Dr Colin Tukuitonga, Associate Dean (Pacific) and Associate Professor of Public Health at the University of Auckland, had a slightly different take on it. While "on balance", more time should have been allowed for contact tracing before the family was identified as Pasifika, he stressed it was "not a clean event".
"It's hard to know because when you identify them as Pasifika, the usual nastiness comes out and… racism rears its ugly head," he explained.
"But you have to balance that across the public's need to know. If you were just simply contact tracing a small group of people within a limited area, then you could argue you don't need to identify the ethnicity. The problem with this is we already knew the wife worked in Mt Eden, and the husband worked in Mt Wellington, and that company had three sites linked to the airport. The GP was also out in Glen Eden, and the child went to Mt Albert Primary."
Positive families in managed facilities
Bloomfield's decision to move Covid-positive families into managed isolation facilities has been criticised as racist. It was not a policy during the last outbreak, when the majority of cases were Pālagi New Zealanders, aged 30 to 50, returning from overseas. Notably, both Talemaitoga and Tukuitonga believe this is the best accommodation response. Their evidence: hard lessons from the Marist cluster during the last outbreak. A number of Pasifika families were part of that cluster.
Talemaitoga: "There were families where somebody tested positive and then they isolated themselves. The others in the house were asymptomatic, but say seven days later, someone was found to be positive, and then two weeks later, another person got [a positive test]."
"Some families ended up being in isolation for up to four weeks or more... and that's really disruptive," he said.
Pertinent to this is the set-up of many Pasifika households. Families are more likely to live in overcrowded homes compared to Pālagi (about 40 per cent of Pasifika households). That makes it more difficult to isolate Covid-19 positive individuals effectively. The managed facilities provide a good alternative, he said.
Tukuitonga added he believed the previous approach allowing positive cases to isolate at home was an unnecessary risk. "From a public health point of view, I thought it was quite lax. That fact that we're requiring everyone into quarantine is the right thing to do if we want to get on top of the current cases."
Pasifika-specific stats
On Sunday, Bloomfield announced the number of Pasifika cases for the current cluster would be provided separately. In the first wave, Pasifika accounted for about 5 per cent of cases. In this current cluster, about 75 per cent of positive cases are Pasifika. This data is needed to accurately target resources, culturally specific information, and wider support services in communities.

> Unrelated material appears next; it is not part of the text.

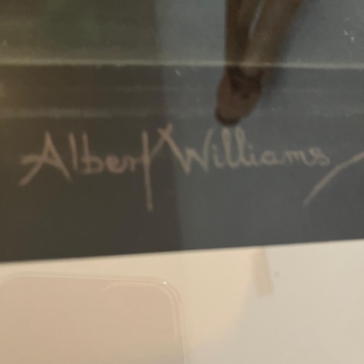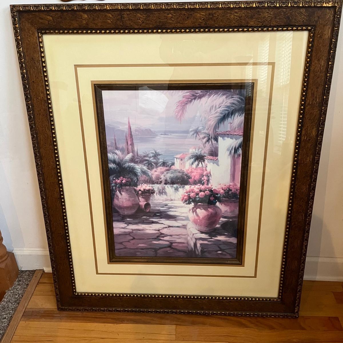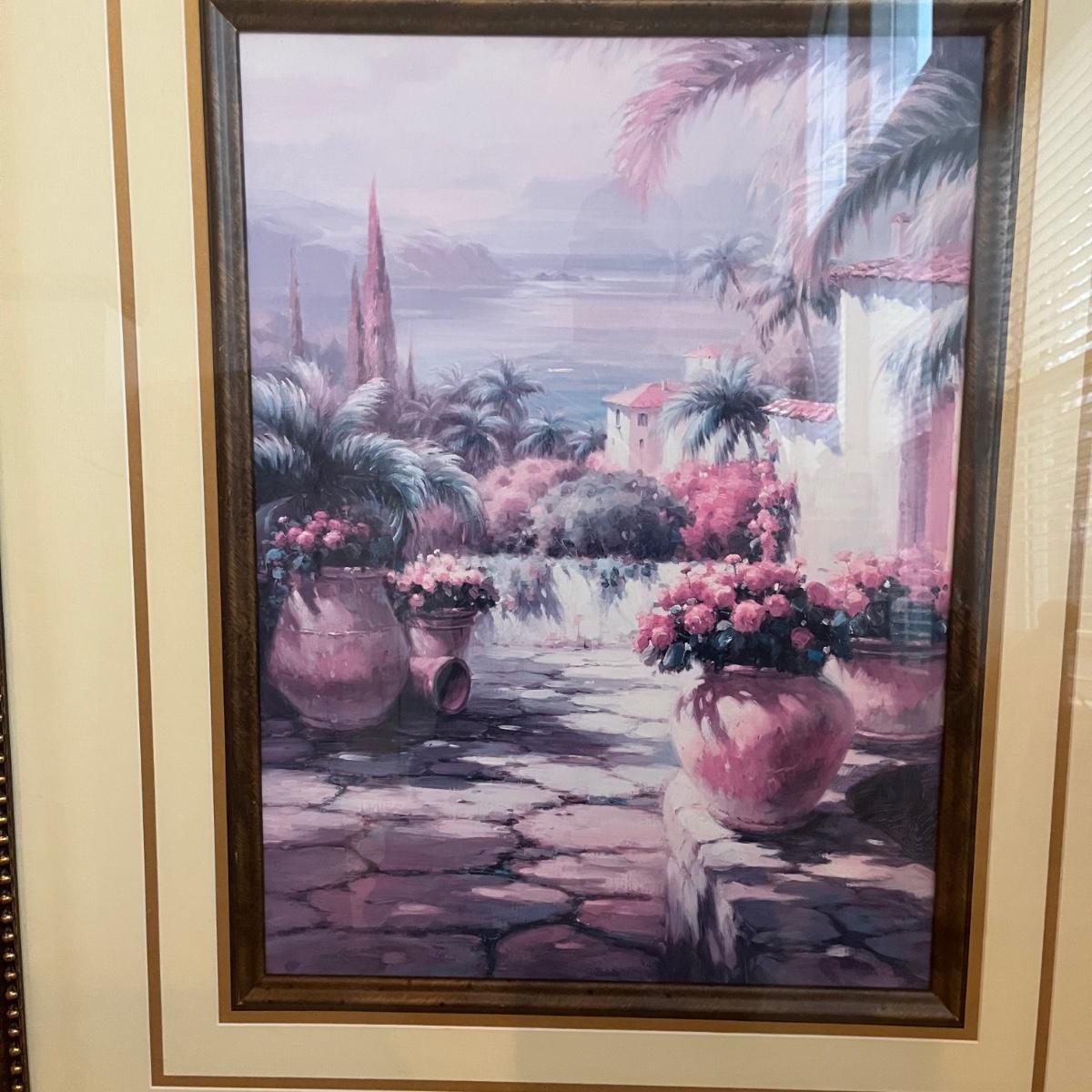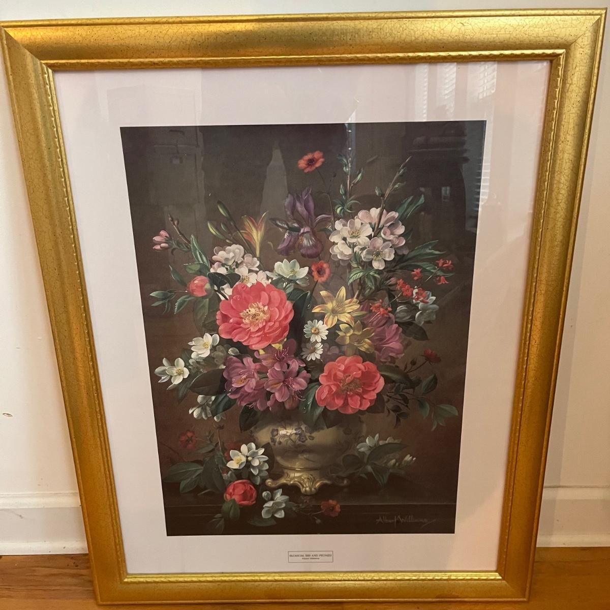 Lot includes a framed and matted print titled Blossom, Iris and Peonies by Albert Williams and a large framed and matted floral print. Both frames appear to be wood. Largest frame measures 35” x 41”.
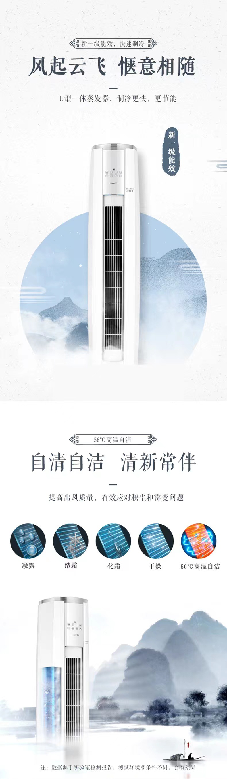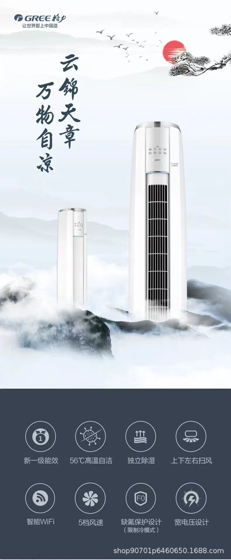 Gree air conditioner yunjin ll vertical large 2 HP 3 hp new first class variable frequency cooling and heating self cleaning WIFI control self cleaning

It is not about assigning blame, Talemaitoga said.
Tukuitonga touched on testing rates as an example.
"One thing we're struggling with at the moment is testing. If we get the picture that 70 per cent of all cases in the new cluster is Pacific, and they say... the Pacific testing is only 10 per cent of the total testing, then we can say 'That's not good enough'.
"From our point of view, at the very least, our testing rates should be at least 70 per cent [so it's comparable to case numbers]," he said.
"Instead of guessing, it means we have information to make our case more intelligently."
So far, there's been a torrent of misinformation and vitriol directed at victims of Covid-19. It has been particularly tough for Pasifika. As Talemaitoga and Tukuitonga have shown, one of the best ways to combat that is by understanding how decisions are made about our health and communities.